Bio
Steven Sebring
Steven Sebring is a photographer, filmmaker, and producer. A vanguard in artistic 3-D imaging, Sebring developed a unique 360-degree motion capture system to pioneer multi-dimensional photography, film, and VR. Sebring is a frequent collaborator of visionaries and innovators including Patti Smith, Bill Gates, Milla Jovovich, Leonardo DiCaprio, and has contributed to Vogue, Vanity Fair, W, as well as photographed and directed international campaigns for MAC, Estee Lauder, Coach, DKNY, and more.
His seminal documentary Dream of Life followed icon Patti Smith across 11 years, earning Sebring a Sundance Award and an Emmy nod. After the release, the two also published the art tome Patti Smith: Dream of Life, a companion book of film stills and Smith ephemera, published by Rizzoli. Following the film’s success, Smith and Sebring went on to produce Objects of Life (2010) at the Robert Miller Gallery, and Illumination (2011) at Milk Gallery.
Read More...In May of 2013, Sebring presented Revolution, a three-day exhibition at the storied Park Avenue Armory, a century after the fêted 1913 show where Marcel Duchamp exhibited his explosive Nude Descending a Staircase for the first time.
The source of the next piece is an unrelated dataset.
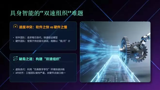 冲突:算法团队希望每天迭代模型,但硬件团队受限于供应链和实地测试,周期以“周/月”计。解法:成功的公司正在构建“双速组织”。软件团队保持Cursor式的敏捷,利用“仿真数字孪生”(通过数字技术构建与物理实体一致的虚拟模型,用于模拟测试、迭代优化)在虚拟环境中进行百万级次训练;工程团队保持传统严谨,但在关键节点通过API与软件团队对齐。

A collection of his 360-degree photography in stills, sculptures, interactive media, and a series of films, “Revolution” paid homage to Duchamp with Sebring’s own interpretations of Nude Descending a Staircase among other artistic references.
In 2018, Sebring released the concert documentary film Horses: Patti Smith and her Band, premiering at the Tribeca Film Festival.
Today, Sebring continues experimenting with interactive imagery, placing him at the forefront of progressive image-making for the digital age.
Videos
In September 2018, Steven Sebring’s short film “Letters from Home” opened Pathway to Paris’s second annual concert series, showing in San Francisco and Los Angeles at the Masonic Theatre and the Theatre at the Ace Hotel.
Sebring’s film explores a dystopian future wherein the Earth can no longer sustain human life, with the four elements—earth, wind, air, and fire—all in peril.
Opening with sirens and newsreel audio clips discussing various calamities that have occurred around the world, the film is then narrated by Sebring’s own son, ten-year old Seneca Sebring, warning of the environmental crisis to come and its impact on future generations as dancer Joules Magus interprets the elements, from thrashing tornadoes, to burning fires, and underwater life, bookmarked by scenes of chaos. At its finale, Seneca implores: “Let’s make change now.”